Donald Ray Pollock braids his plotlines into a taut narrative that will leave readers astonished and deeply moved. With his first novel, he proves himself a master storyteller in the grittiest and most uncompromising American grain.

Pete says:

In the movie 'The Usual Suspects' the character Verbal says that 'The greatest trick the Devil ever pulled was convincing the world he didn't exist. And like that, poof. He's gone.'  There is no personified devil in Donald Ray Pollock's The Devil All the Time and there doesn't need to be. Many of the characters in his new novel do just fine on their own in seeking out and dispensing evil. In the Rolling Stones' song 'Sympathy for the Devil' Mick Jagger sings of a world where 'All the cops are criminals and all the sinners saints.'  This is the world that the book's young hero, Arvin Eugene Russell, must navigate if he is to escape a horrible past and an equally horrible present.

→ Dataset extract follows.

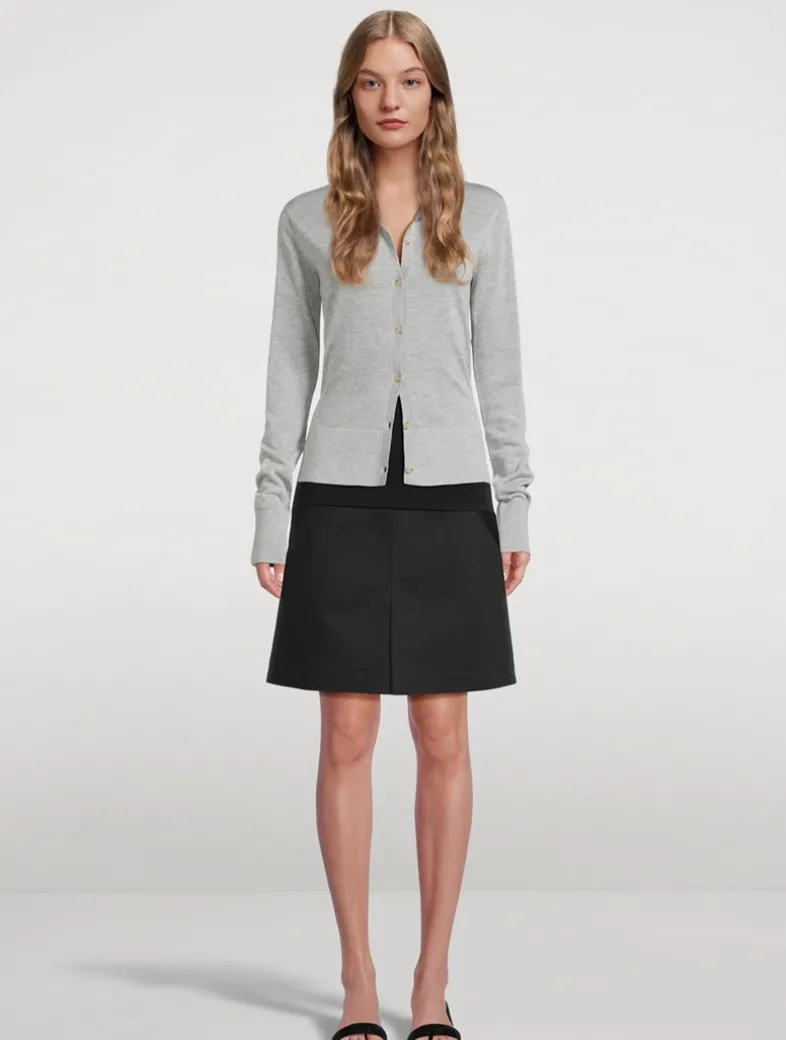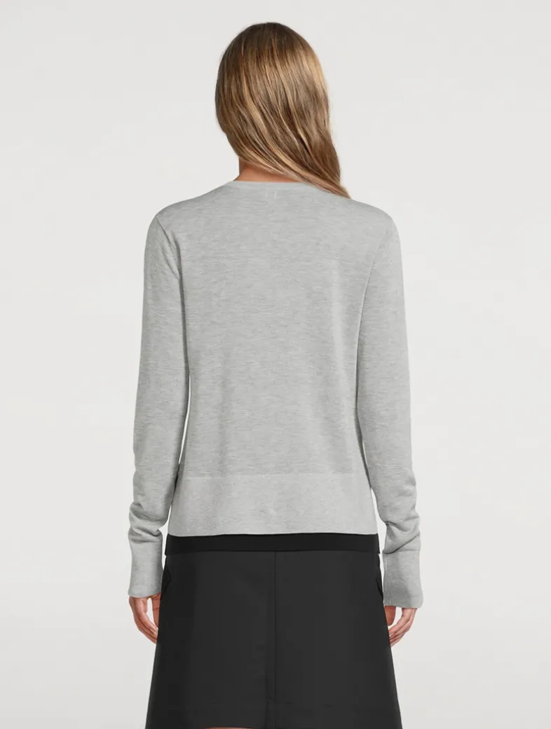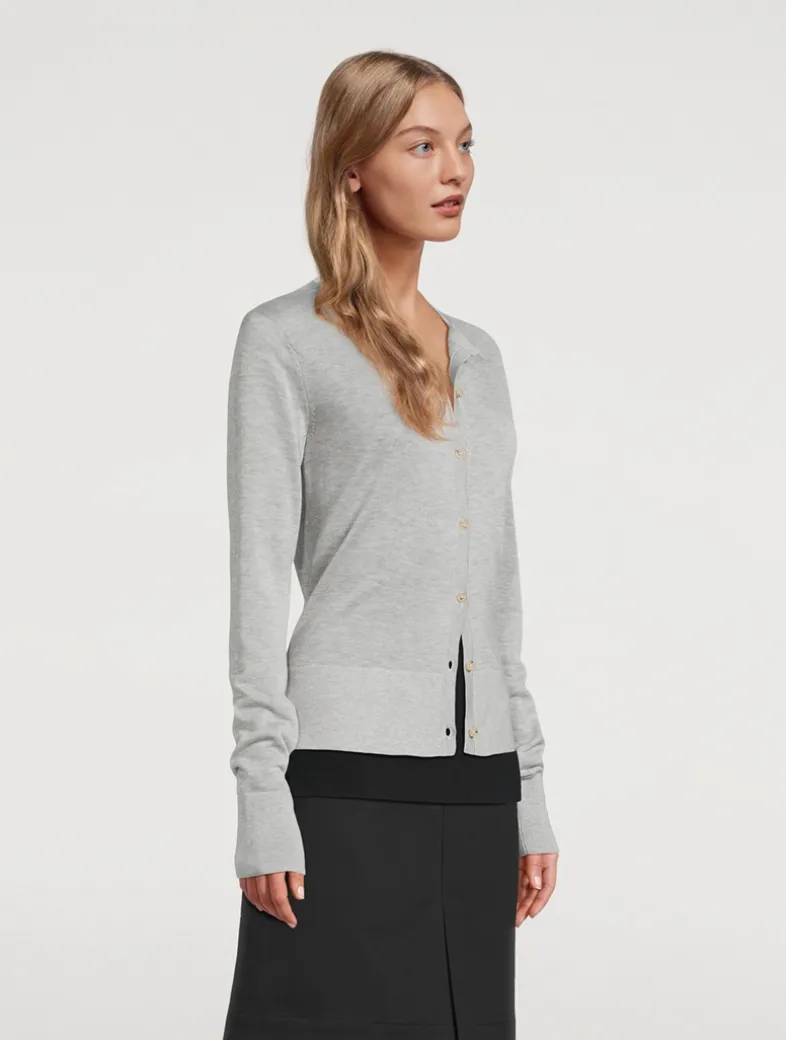 This crewneck cardigan, presented here in a subtle mélange pattern, is finely knit from Lyocell and cashmere fibers to be light yet warm. It features a buttoned front and tonal monogram embroidery, while discreet side slits drape effortlessly over the hips.
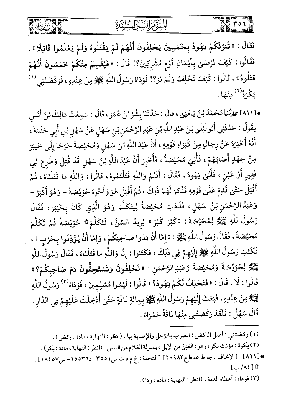 811 - حَدَّثَنَا مُحَمَّدُ بْنُ يَحْيَى، قَالَ: حَدَّثَنَا بِشْرُ بْنُ عُمَرَ، قَالَ: سَمِعْتُ مَالِكَ بْنَ أَنَسٍ، يَقُولُ: حَدَّثَنِي أَبُو لَيْلَى بْنُ عَبْدِ اللهِ بْنِ عَبْدِ الرَّحْمَنِ بْنِ سَهْلٍ، عَنْ سَهْلِ بْنِ أَبِي حَثْمَةَ، أَنَّهُ أَخْبَرَهُ، عَنْ رِجَالٍ مِنْ كُبَرَاءِ قَوْمِهِ، أَنَّ عَبْدَ اللهِ بْنَ سَهْلٍ، وَمُحَيِّصَةَ خَرَجَا إِلَى خَيْبَرَ مِنْ جَهْدٍ أَصَابَهُمْ، فَأُتِيَ مُحَيِّصَةُ فَأُخْبِرَ أَنَّ عَبْدَ اللهِ بْنَ سَهْلٍ قَدْ قُتِلَ وَطُرِحَ فِي فَقِيرٍ أَوْ عَيْنٍ، فَأَتَى يَهُودَ فَقَالَ: أَنْتُمْ وَاللَّهِ قَتَلْتُمُوهُ، قَالُوا: وَاللَّهِ مَا قَتَلْنَاهُ، ثُمَّ أَقْبَلَ حَتَّى قَدِمَ عَلَى قَوْمِهِ فَذَكَرَ لَهُمْ ذَلِكَ، ثُمَّ أَقْبَلَ هُوَ وَأَخُوهُ حُوَيِّصَةُ وَهُوَ أَكْبَرُ وَعَبْدُ الرَّحْمَنِ بْنُ سَهْلٍ فَذَهَبَ مُحَيِّصَةُ لَيَتَكَلَّمَ وَهُوَ الَّذِي كَانَ بِخَيْبَرَ، فَقَالَ رَسُولُ اللهِ صَلى الله عَليه وسَلم لِمُحَيِّصَةَ: كَبِّرْ كَبِّرْ، يُرِيدُ السِّنَّ فَتَكَلَّمَ حُوَيِّصَةُ، ثُمَّ تَكَلَّمَ مُحَيِّصَةُ، فَقَالَ رَسُولُ اللهِ صَلى الله عَليه وسَلم: إِمَّا أَنْ يَدُوا صَاحِبَكُمْ، وَإِمَّا أَنْ يُؤْذِنُوا بِحَرْبٍ، فَكَتَبَ رَسُولُ اللهِ صَلى الله عَليه وسَلم إِلَيْهِمْ فِي ذَلِكَ، فَكَتَبُوا: إِنَّا وَاللَّهِ مَا قَتَلْنَاهُ، فَقَالَ رَسُولُ اللهِ صَلى الله عَليه وسَلم لِحُوَيِّصَةَ، وَمُحَيِّصَةَ، وَعَبْدِ الرَّحْمَنِ: تَحْلِفُونَ وَتَسْتَحِقُّونَ دَمَ صَاحِبِكُمْ؟ قَالُوا: لاَ، قَالَ: فَتَحْلِفُ لَكُمْ يَهُودُ؟ قَالُوا: لَيْسُوا مُسْلِمَيْنِ، فَوَدَاهُ رَسُولُ اللهِ صَلى الله عَليه وسَلم مِنْ عِنْدِهِ، فَبَعَثَ إِلَيْهِمْ رَسُولُ اللهِ صَلى الله عَليه وسَلم بِمِئَةِ نَاقَةٍ حَتَّى أُدْخِلَتْ عَلَيْهِمْ فِي الدَّارِ قَالَ سَهْلٌ: فَلَقَدْ رَكَضَتْنِي مِنْهَا نَاقَةٌ حَمْرَاءُ.

The novel's setting is the backwoods border area of West Virginia and Ohio sometime between 1945 to 1965. These are not, however, the woods of Bambi and Thumper, unless you were to find them strung up on a tree dripping sacrificial blood onto a 'prayer log.'

I do hope the book's title or the words I've written don't scare you away from what I believe is a superbly written American gothic tale. The author deftly interweaves the lives of unforgettable characters such as a soldier who's seen way too much, a would-be Bonnie and Clyde with a predilection for snuff pornography, a dense preacher and his crippled guitarist, and the new preacher in town more interested in teenage girls than the bible. What's a young man to do when it's the devil all the time? For Arvin Russell, a walk through hell is
ordinary. Finding his way out is another matter altogether. Enjoy this wonderful novel, but watch your step in the scary backwoods and by all means do not accept rides from strangers.